### Data shown
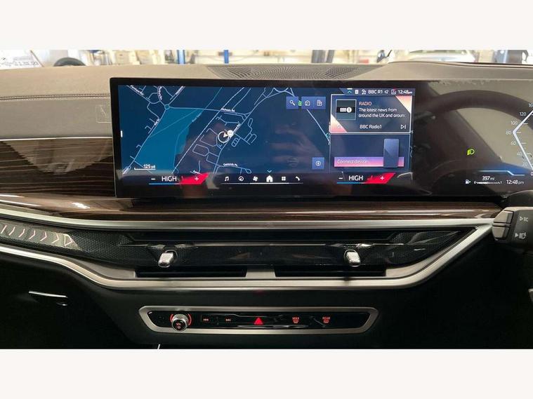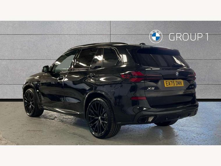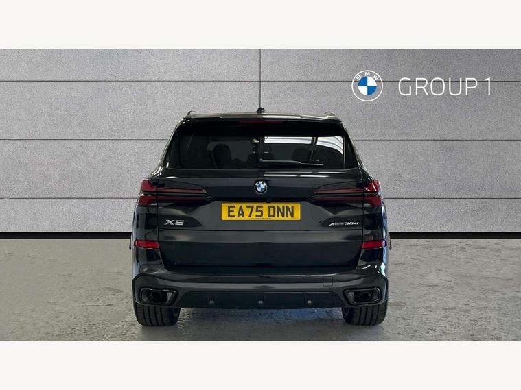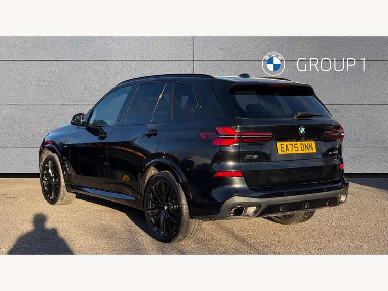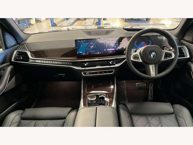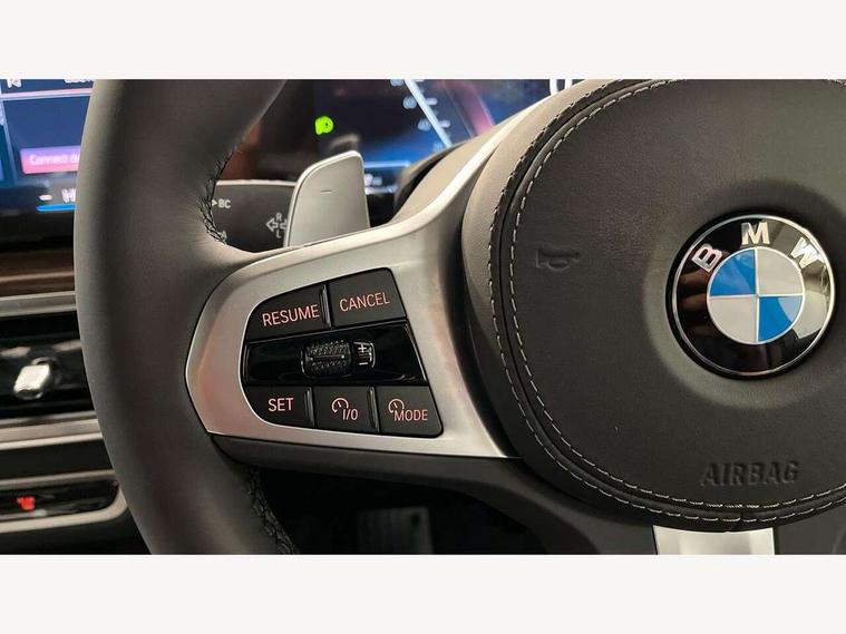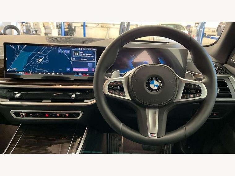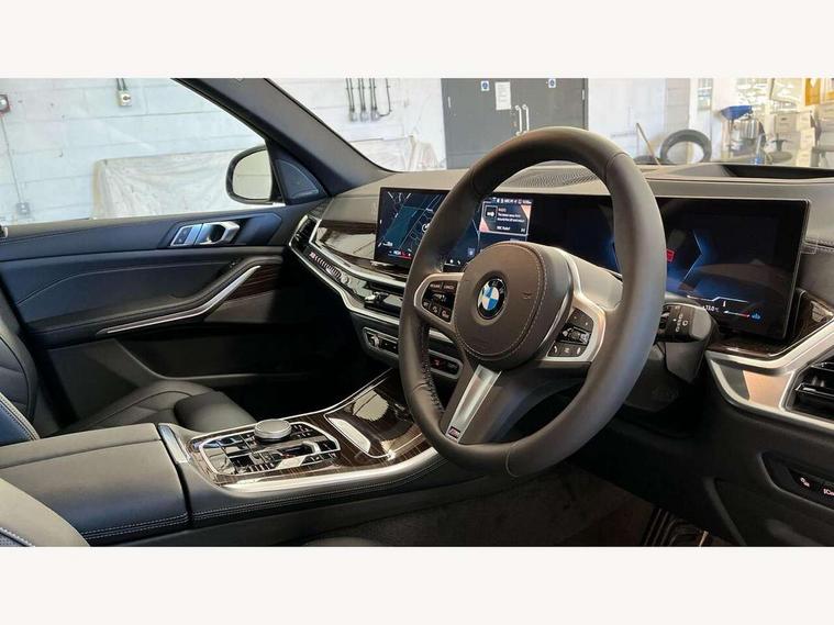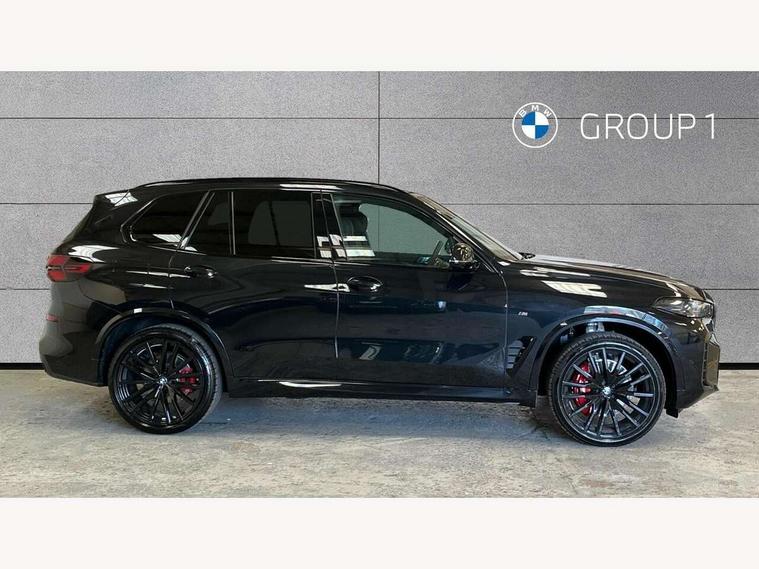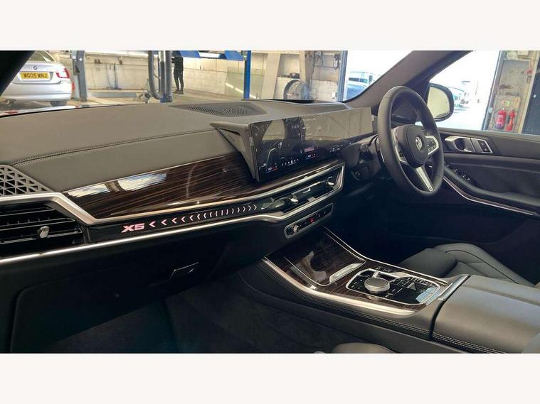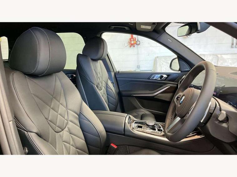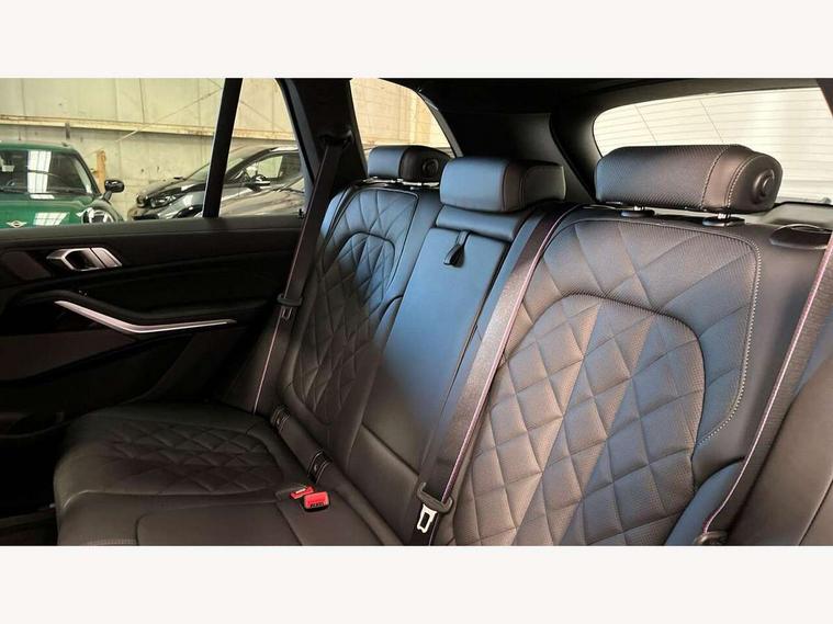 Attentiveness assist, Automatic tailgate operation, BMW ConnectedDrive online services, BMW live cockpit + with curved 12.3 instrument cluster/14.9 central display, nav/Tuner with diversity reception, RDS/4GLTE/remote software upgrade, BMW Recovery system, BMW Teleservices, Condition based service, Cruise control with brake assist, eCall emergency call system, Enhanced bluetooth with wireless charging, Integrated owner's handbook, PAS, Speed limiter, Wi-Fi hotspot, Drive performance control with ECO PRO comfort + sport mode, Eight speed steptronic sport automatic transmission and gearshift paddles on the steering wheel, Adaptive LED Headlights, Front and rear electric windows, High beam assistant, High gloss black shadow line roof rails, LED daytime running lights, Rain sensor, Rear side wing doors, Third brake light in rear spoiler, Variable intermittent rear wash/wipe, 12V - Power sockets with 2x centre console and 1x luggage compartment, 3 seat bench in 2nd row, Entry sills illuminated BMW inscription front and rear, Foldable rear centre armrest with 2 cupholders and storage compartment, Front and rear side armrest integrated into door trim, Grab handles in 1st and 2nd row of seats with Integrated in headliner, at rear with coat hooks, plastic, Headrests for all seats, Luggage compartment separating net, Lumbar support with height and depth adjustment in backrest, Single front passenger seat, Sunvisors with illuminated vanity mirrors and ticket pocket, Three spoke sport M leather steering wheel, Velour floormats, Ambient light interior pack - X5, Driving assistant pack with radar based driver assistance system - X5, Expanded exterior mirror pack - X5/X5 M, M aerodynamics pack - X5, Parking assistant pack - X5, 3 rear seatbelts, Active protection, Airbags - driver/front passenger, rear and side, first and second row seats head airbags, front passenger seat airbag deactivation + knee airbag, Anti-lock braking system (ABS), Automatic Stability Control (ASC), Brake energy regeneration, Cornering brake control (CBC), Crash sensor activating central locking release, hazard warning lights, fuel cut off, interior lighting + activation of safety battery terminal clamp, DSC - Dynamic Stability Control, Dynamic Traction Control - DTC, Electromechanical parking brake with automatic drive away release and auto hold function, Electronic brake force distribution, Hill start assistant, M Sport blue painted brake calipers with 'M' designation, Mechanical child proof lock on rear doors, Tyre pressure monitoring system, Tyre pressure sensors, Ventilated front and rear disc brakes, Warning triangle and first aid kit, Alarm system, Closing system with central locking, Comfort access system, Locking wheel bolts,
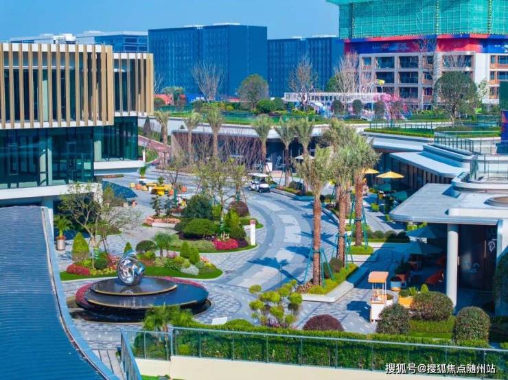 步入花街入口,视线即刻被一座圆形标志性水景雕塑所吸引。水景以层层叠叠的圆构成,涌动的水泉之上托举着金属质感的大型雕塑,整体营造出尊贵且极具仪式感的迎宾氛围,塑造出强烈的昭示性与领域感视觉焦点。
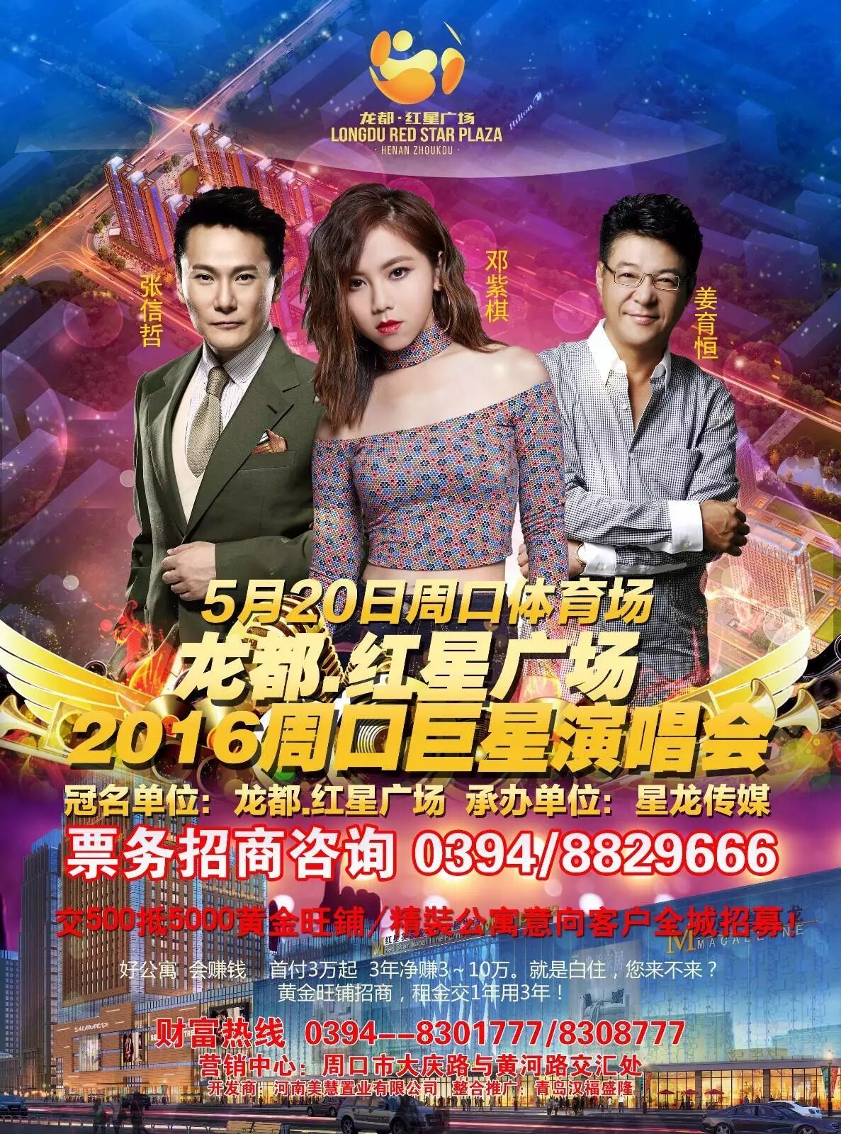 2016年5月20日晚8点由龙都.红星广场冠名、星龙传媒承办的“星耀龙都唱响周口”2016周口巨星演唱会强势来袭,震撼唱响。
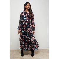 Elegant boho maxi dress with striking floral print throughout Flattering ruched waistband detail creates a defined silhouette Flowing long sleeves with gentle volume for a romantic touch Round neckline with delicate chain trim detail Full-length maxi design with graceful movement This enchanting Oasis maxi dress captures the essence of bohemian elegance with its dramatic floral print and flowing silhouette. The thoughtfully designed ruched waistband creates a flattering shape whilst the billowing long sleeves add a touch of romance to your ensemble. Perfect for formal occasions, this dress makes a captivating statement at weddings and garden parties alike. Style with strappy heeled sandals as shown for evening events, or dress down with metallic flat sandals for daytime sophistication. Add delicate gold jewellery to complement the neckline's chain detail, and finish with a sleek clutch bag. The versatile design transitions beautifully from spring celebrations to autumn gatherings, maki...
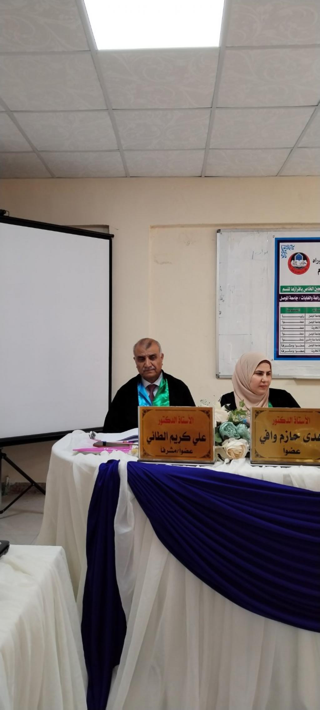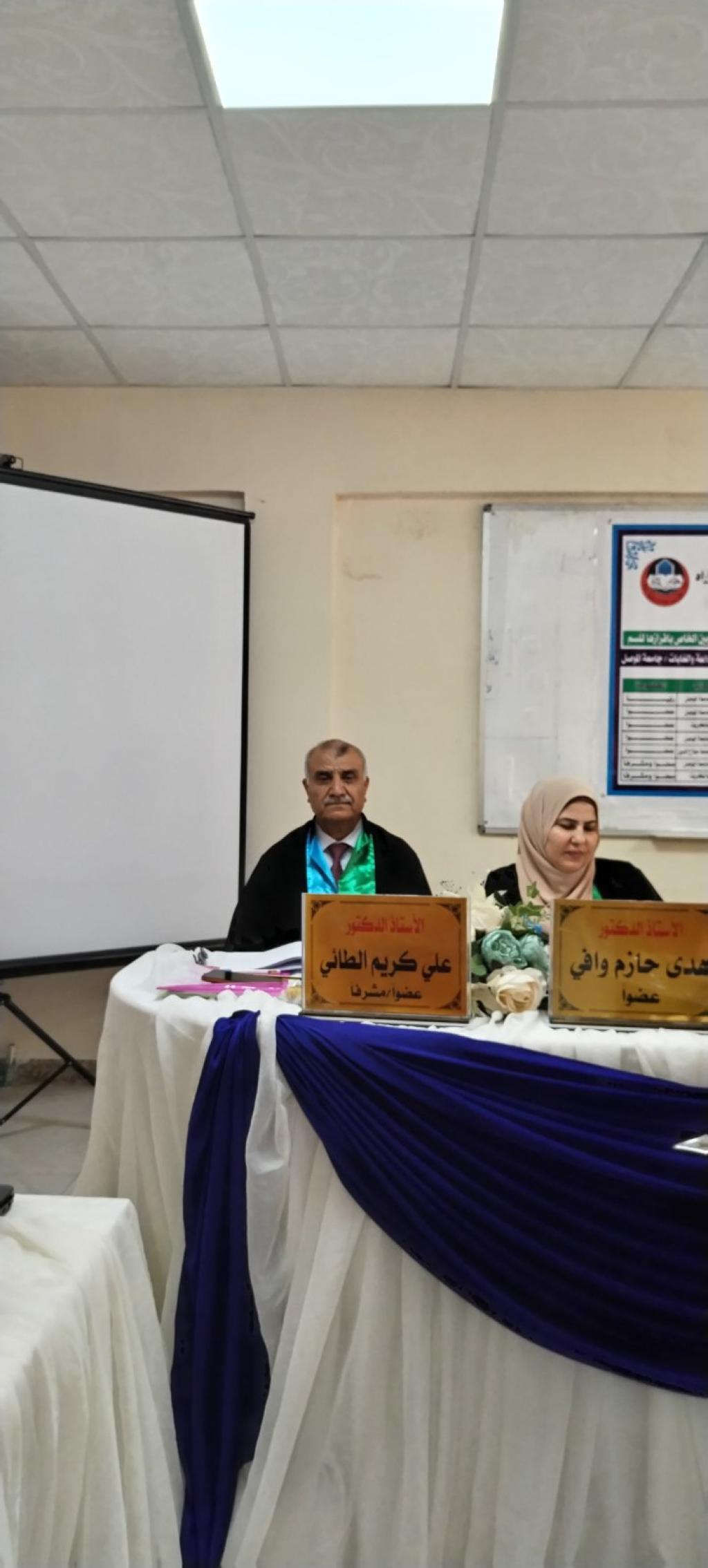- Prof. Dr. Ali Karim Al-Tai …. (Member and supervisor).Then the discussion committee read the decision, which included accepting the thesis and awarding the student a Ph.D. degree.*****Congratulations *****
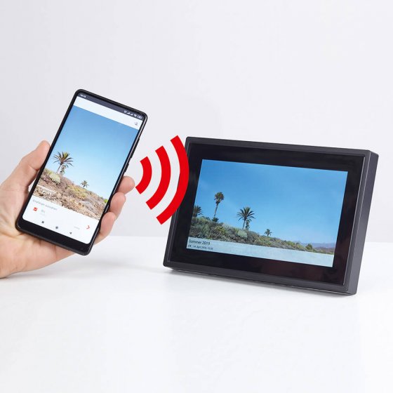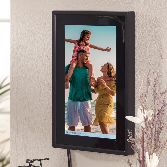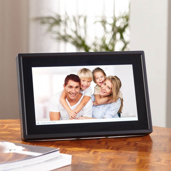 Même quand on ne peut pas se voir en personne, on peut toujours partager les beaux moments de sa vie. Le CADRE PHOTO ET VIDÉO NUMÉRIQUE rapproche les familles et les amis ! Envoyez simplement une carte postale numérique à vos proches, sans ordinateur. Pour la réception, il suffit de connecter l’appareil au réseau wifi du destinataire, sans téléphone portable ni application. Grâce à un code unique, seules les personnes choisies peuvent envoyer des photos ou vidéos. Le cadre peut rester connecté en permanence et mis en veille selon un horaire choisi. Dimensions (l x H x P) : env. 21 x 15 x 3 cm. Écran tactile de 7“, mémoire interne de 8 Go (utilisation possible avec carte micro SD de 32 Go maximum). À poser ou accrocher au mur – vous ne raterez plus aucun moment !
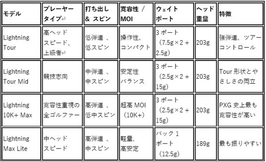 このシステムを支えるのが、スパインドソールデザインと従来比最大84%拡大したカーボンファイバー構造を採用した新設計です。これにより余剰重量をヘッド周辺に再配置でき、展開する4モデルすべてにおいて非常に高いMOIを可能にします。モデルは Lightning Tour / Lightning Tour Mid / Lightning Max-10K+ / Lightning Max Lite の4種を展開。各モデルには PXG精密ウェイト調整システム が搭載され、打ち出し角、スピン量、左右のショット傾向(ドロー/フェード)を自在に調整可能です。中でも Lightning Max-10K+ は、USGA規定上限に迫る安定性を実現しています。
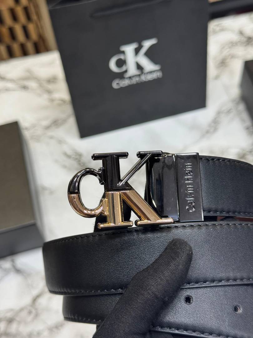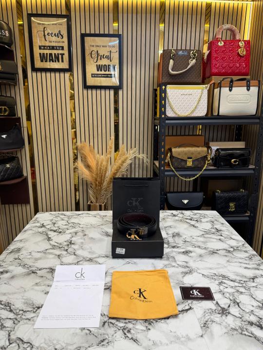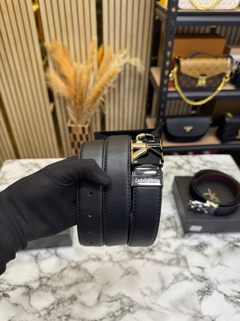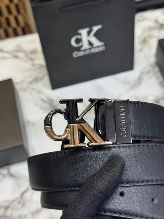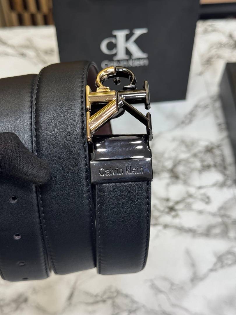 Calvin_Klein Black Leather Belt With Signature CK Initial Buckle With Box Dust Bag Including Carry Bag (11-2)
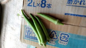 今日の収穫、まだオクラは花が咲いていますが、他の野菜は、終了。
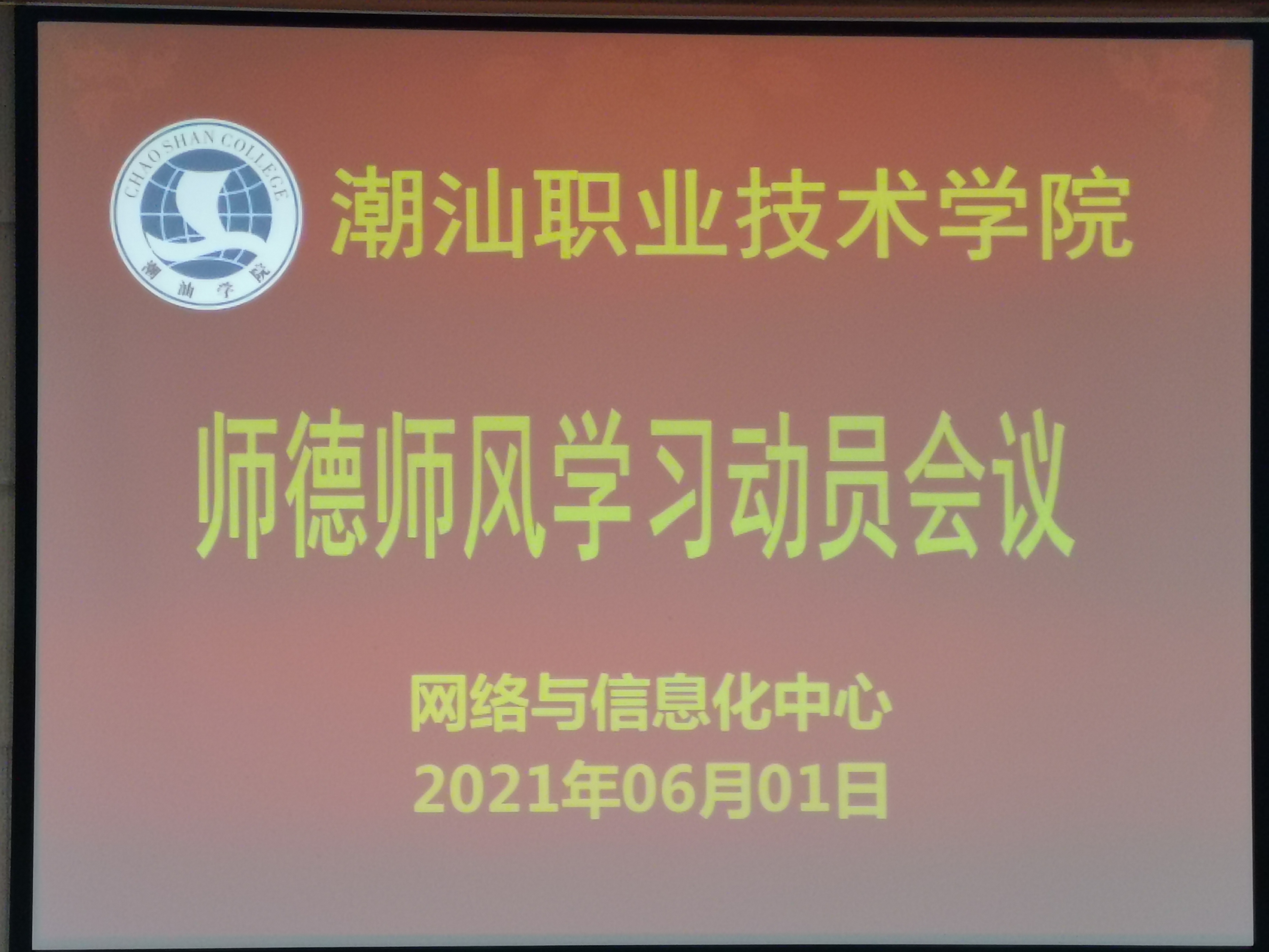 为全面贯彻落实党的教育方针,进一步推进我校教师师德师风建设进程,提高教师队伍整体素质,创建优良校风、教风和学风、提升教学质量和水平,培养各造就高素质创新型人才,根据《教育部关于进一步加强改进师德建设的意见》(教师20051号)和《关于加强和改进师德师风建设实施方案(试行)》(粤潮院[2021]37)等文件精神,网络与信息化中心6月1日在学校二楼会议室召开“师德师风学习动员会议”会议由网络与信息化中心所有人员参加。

### Description of the task
What is needed is an exact transcription of the lines from the one containing "今日の収穫、まだオクラは花が咲いていますが、他の野菜は、終了。" through the last line of the records above, both included, with no pictures.

### Task answer
 今日の収穫、まだオクラは花が咲いていますが、他の野菜は、終了。
 为全面贯彻落实党的教育方针,进一步推进我校教师师德师风建设进程,提高教师队伍整体素质,创建优良校风、教风和学风、提升教学质量和水平,培养各造就高素质创新型人才,根据《教育部关于进一步加强改进师德建设的意见》(教师20051号)和《关于加强和改进师德师风建设实施方案(试行)》(粤潮院[2021]37)等文件精神,网络与信息化中心6月1日在学校二楼会议室召开“师德师风学习动员会议”会议由网络与信息化中心所有人员参加。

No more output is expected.